Installation View: UTA Artist Space, Atlanta GA

The Sweet Perfume of Leavened Earth

2023
Preheat the oven to 375 degrees Fahrenheit, butter and line the base of two cake tins with baking parchment.
 
The artist turns the dial, worn with use so jams at 300.
Hands drag fat across cold metal, translucence crunch over the top.

Using a whisk, beat the butter and sugar together, the two strangers an unlikely meeting of grainy mass. Keep whisking until the frenzy of arm against saccharine lumps blur infrared, deep yellow flashing lightning to turn pale.
 
I remember thirsting for sweet
Clear juice boils to turn crystallic
Prising open grandma’s teeth
to find mealy mung beans mashed with a half nail of
Extreme Refinement
I poke my head into her cavemouth
and beg her to spit back out the specks
of sweetsalt I grow up to never eat.
Eggs spill their gelatine over butter
to add desireable fluff and shine. The whisk’s balloon drags bloodclouds into the fold that bloodrain into the sea. Above us there seems only sky /and cloud seeding; what is sacred must also weep.
Sometimes I see only inversion
sky and land / myths told by shadow
Devils dance with the deceased
Or no, just women, ruling darkness

Whisk again, half bag of flour. The other half ration for later.
 
With outstretched arms, tip your bowl into your tins, and watch the ribbons of batter submit to roundness. Bake in the centre of the oven to reach for the promise of cake.
 
– Thái Hà
After Jihyun Yun’s War Soup and a recipe for sponge cake.

Written for “An Unbearable Lightness Between Sky and Water”  a solo exhibition at Galerie Quynh.

Installation video: Galerie Quynh, Ho Chi Minh City, Vietnam
The project was galvanized by the deep love for food and flavor, focusing first on gastronomic pleasure shared with loved ones, in a layered practice that begins with the making of cake.
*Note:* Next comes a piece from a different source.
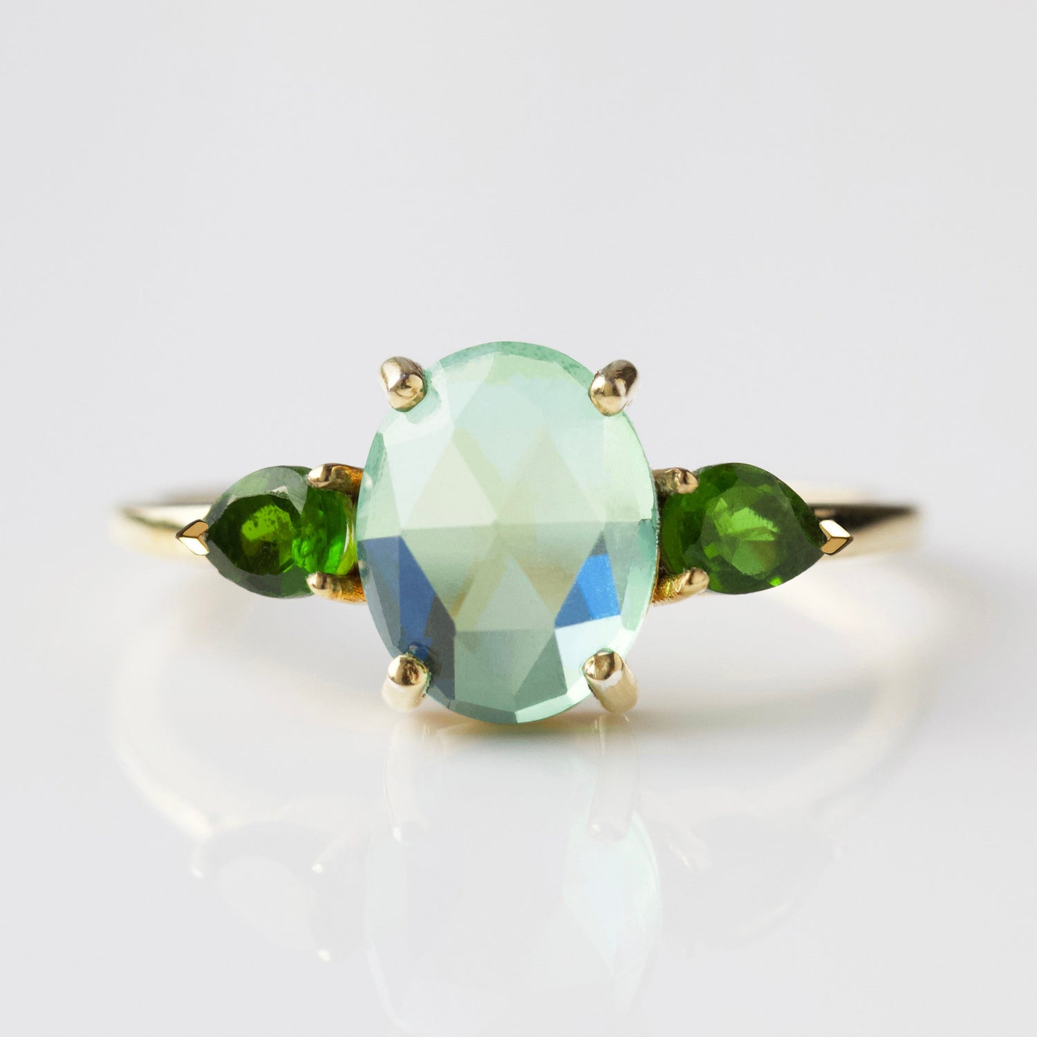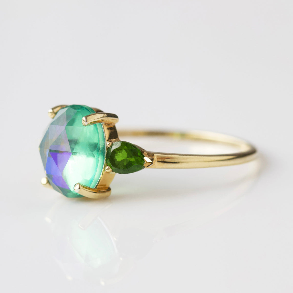 Crafted in 14k gold vermeil with a quartz centerpiece and Diopside side stones. Designed for durability and everyday wear.

In the declining health of her late mother, Truong set out making sourdough rolls to send to her who lived on the other side of the country in CA. The dough culture was made from the yeast off the flesh of the artist’s hands, infused with flavors her mother would find comforting: mung bean with scallions, and fragrant orange blossom and black sesame.
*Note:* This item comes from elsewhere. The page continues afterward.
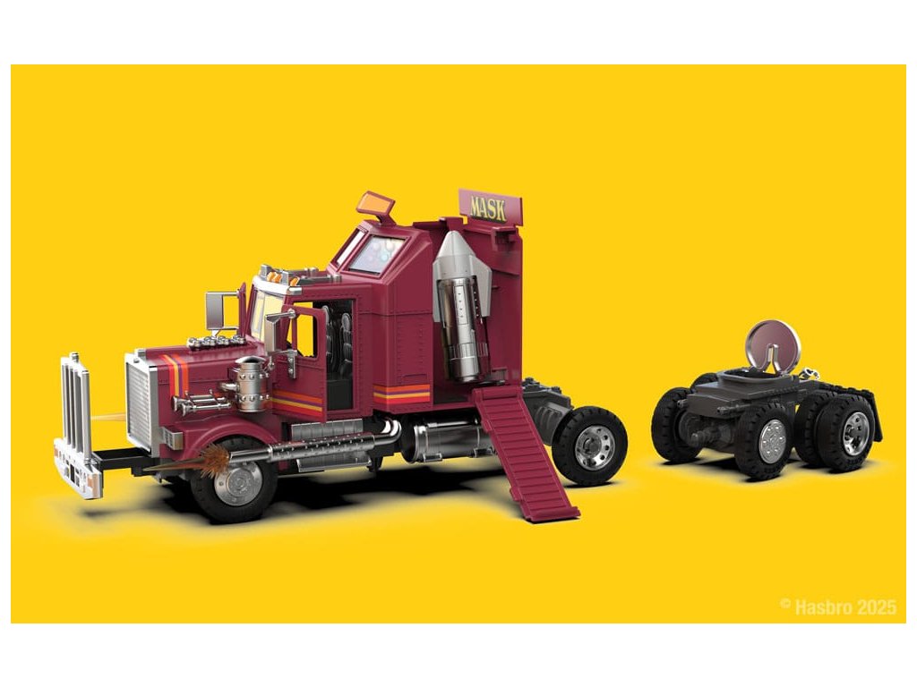 Připravte se na akci těžké kategorie s Rhino, hybnou silou týmu M.A.S.K. Tato nákladní auta vypadá jako obyčejný velký kamión. Po stisknutí tlačítka se Rhino transformuje na mobilní obrannou jednotku. Oficiálně licencované vozidlo. Je přibližně 12 cm vysoké a dodává se v krabičce s okénkem.

Food has been used as a tool symbolizing national pride and political ambitions. In the 18th century, recipes for American election cake and independence cake emerged. In her book, Fruits of Empire, Shana Klein examines how food has been used throughout history to establish hierarchies of power, complimented by the field of environmental history, which analyzes agricultural control over land and people. In the 19th century still-life pictures of fruit and food created an air of inclusivity, created by a spectrum of artists, who were prohibited from working in the genre of history painting, still reserved for typically white, male artists of the time.
Butternut Squash, Black Walnut and Spelt Cake
(Detail)
Taste can trigger specific memories from one’s life, incite nostalgia and with seemingly innate sensory pleasure, and of belonging and home. Contemporary food scholars have established food as a critical site for the construction of identity. The paintings represent an aggregate of flavors and context. Each work starts with the making of a cake: in homage to a loved one, and an act of celebration for activist communities and those at the intersections. Cultural flavor is intrinsic to the bounty of a land, and the recipes are mindful of foods native to the North American region, in native cuisine; and/or whose flavor lineage is global. Cake is composed as food, as form, and as painting, using the genealogy of plants to create narrative paintings of cuisine. The works are installed over wall coverings created from color manipulated version of 18th century textile, Triumfa España en las Americas.